Assessing groundwater level modelling using a 1-D … – HESS

Assessing groundwater level modelling using a 1-D … – HESS

Understanding the Importance of Groundwater Level Forecasting

Groundwater is an invaluable natural resource, providing drinking water, irrigation, and industrial supplies across the globe. Monitoring and forecasting groundwater levels has become increasingly crucial in recent years as we face the challenges of climate change, growing water demands, and the need for sustainable groundwater management. Accurate groundwater level (GWL) predictions allow us to identify over-exploitation trends, assess water availability, and delineate potential soil subsidence zones – all essential for ensuring long-term water security.

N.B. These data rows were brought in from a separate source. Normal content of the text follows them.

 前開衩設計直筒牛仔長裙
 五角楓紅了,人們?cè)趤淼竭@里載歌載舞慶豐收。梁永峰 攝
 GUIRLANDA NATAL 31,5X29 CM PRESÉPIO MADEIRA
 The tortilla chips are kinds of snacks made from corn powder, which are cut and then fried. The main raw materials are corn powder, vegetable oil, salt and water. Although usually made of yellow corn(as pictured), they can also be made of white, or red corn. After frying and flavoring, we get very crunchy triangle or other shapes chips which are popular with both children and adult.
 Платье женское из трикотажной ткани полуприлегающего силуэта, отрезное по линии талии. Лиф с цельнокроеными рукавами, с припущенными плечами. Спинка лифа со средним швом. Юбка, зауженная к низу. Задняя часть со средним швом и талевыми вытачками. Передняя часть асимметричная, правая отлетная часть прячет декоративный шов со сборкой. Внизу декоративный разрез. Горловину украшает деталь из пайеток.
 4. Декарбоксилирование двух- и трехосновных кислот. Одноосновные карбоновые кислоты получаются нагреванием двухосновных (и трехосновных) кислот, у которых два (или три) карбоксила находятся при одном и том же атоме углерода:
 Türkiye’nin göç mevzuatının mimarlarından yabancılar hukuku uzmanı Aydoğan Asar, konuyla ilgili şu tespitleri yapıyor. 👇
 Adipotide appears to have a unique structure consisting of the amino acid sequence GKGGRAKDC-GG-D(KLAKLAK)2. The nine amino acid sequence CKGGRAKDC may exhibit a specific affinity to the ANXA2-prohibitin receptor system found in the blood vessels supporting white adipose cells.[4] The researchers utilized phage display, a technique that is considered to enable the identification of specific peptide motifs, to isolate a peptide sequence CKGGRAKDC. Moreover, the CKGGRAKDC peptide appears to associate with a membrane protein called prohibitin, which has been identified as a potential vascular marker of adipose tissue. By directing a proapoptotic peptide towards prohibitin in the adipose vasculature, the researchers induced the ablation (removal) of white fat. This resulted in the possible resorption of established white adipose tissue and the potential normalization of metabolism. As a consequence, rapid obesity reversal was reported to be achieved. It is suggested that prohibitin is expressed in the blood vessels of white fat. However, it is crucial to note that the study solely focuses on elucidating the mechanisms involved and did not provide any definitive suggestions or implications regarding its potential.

Traditional physics-based and numerical groundwater models require extensive data on aquifer properties, geology, and topography, making them resource-intensive to develop and maintain. In contrast, data-driven machine learning (ML) approaches, such as artificial neural networks (ANNs), have emerged as powerful tools for GWL forecasting. These ML models can capture the non-linear dynamics of aquifer systems while requiring fewer input parameters. However, a key challenge remains in understanding the “black-box” nature of these models and the factors influencing their performance.

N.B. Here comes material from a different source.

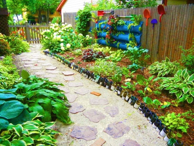 Las botellas de vidrio son hermosas, gracias a sus diferentes colores y formas. Podrías diseñar parterres en forma de flor o verticales, o disponer las botellas en patrones elegantes. En cualquier caso, un tu jardín lucirá genial.
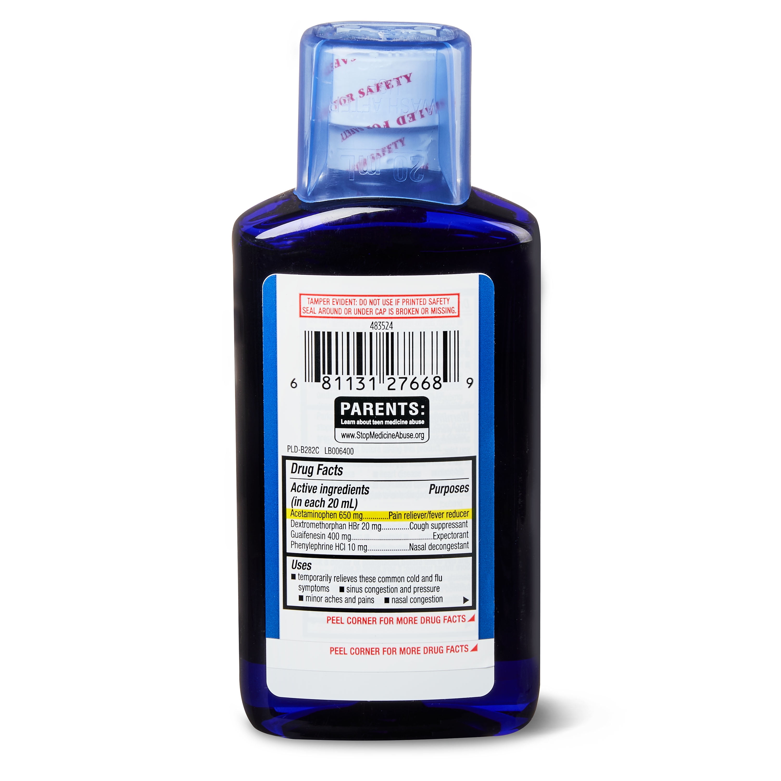 Help relieve cold and flu symptoms with Equate Maximum Strength Cold, Flu & Sore Throat. It offers multi-symptom relief from cough, nasal and chest congestion, sinus pressure and congestion, body pain, headaches, fever and sore throat. This special formula includes the pain reliever and fever reducer acetaminophen, the cough suppressant dextromethorphan HBr, the expectorant guaifenesin and the nasal decongestant phenylephrine HCI to give you the best relief from all your cold and flu symptoms. A dosing cup is provided for easy administration. Formulated for ages 12 and up. Use Equate Maximum Strength Cold, Flu & Sore Throat and get the relief you deserve. Making the right health decisions can be challenging. With a complete range of products and simple solutions, Equate allows you to take care of your family with confidence.

In this comprehensive article, we explore the application of a 1-D convolutional neural network (CNN) for GWL modelling across hundreds of observation wells in Lower Saxony, Germany. By linking the CNN model’s performance to geospatial characteristics and time series features of the monitoring sites, we aim to provide valuable insights into the complex interplay between groundwater dynamics and the factors driving them.

Leveraging the Power of CNNs for Groundwater Level Forecasting

Convolutional neural networks (CNNs) have emerged as a popular choice for GWL forecasting due to their flexibility, calculation speed, and reliable performance. Unlike traditional feedforward neural networks, CNNs are designed to effectively capture spatial and temporal patterns in data, making them well-suited for modelling the complex dynamics of groundwater systems.

In our study, we apply a 1-D CNN architecture to simulate monthly GWL time series at over 500 observation wells across Lower Saxony. The model uses precipitation (P) and temperature (T) as the primary input variables, with the network architecture and hyperparameters tuned individually for each well. This site-specific approach allows us to account for the unique characteristics of each groundwater system, rather than relying on a one-size-fits-all model.

The performance of the CNN models is evaluated using two widely adopted metrics: the coefficient of determination (R²) and the Nash-Sutcliffe efficiency (NSE). These metrics provide a comprehensive assessment of the models’ ability to accurately capture the observed GWL patterns.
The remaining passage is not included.